— Task objective —
Line for line, return the data exactly, omitting all pictures.

— Data block —
[Start of Attachment]
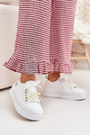 Women's sneakers made of eco leather, set on a massive platform, are a combination of comfort and style. The model stands out with decorative lacing with pearls, which add a stylish accent to them. The soft insole provides comfort throughout the day. Perfect for casual stylizations, these sneakers combine a trendy look with functionality.
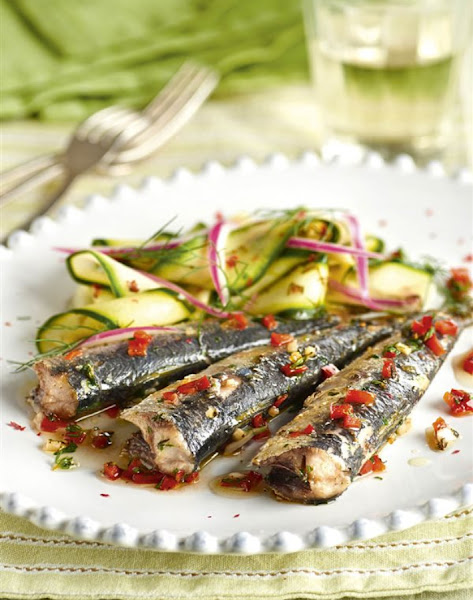 Unas láminas de calabacín muy finas cortadas, bien salteadas en la sartén o a la parrilla, acompañadas con una lata de sardinas en aceite de oliva. Y para decorar un picadillo de pimiento rojo y tiras finitas de cebolleta morada.
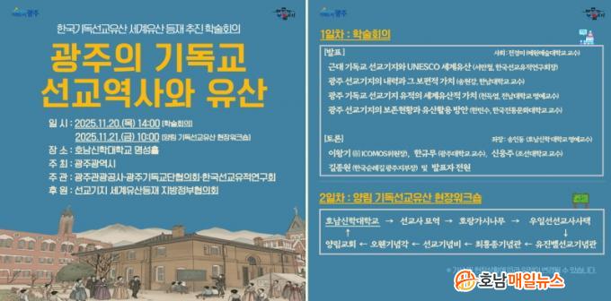 ±¤ÁÖ±¤¿ª½Ã(½ÃÀå °±âÁ¤)´Â 20~21ÀÏ È£³²½ÅÇдëÇб³ ÀÏ¿ø¿¡¼ ¡®Çѱ¹±âµ¶¼±±³À¯»ê ¼¼°èÀ¯»ê µîÀç ÃßÁøÀ» À§ÇÑ ÇмúȸÀÇ¿Í ¿öÅ©¼ó¡¯À» ¿¾î Çѱ¹ ±Ù´ë ±âµ¶±³ ¼±±³ÀÇ ¿ª»çÀû °¡Ä¡¸¦ Á¶¸íÇÑ´Ù.
[End of Attachment]
— The answer —
 Women's sneakers made of eco leather, set on a massive platform, are a combination of comfort and style. The model stands out with decorative lacing with pearls, which add a stylish accent to them. The soft insole provides comfort throughout the day. Perfect for casual stylizations, these sneakers combine a trendy look with functionality.
 Unas láminas de calabacín muy finas cortadas, bien salteadas en la sartén o a la parrilla, acompañadas con una lata de sardinas en aceite de oliva. Y para decorar un picadillo de pimiento rojo y tiras finitas de cebolleta morada.
 ±¤ÁÖ±¤¿ª½Ã(½ÃÀå °±âÁ¤)´Â 20~21ÀÏ È£³²½ÅÇдëÇб³ ÀÏ¿ø¿¡¼ ¡®Çѱ¹±âµ¶¼±±³À¯»ê ¼¼°èÀ¯»ê µîÀç ÃßÁøÀ» À§ÇÑ ÇмúȸÀÇ¿Í ¿öÅ©¼ó¡¯À» ¿¾î Çѱ¹ ±Ù´ë ±âµ¶±³ ¼±±³ÀÇ ¿ª»çÀû °¡Ä¡¸¦ Á¶¸íÇÑ´Ù.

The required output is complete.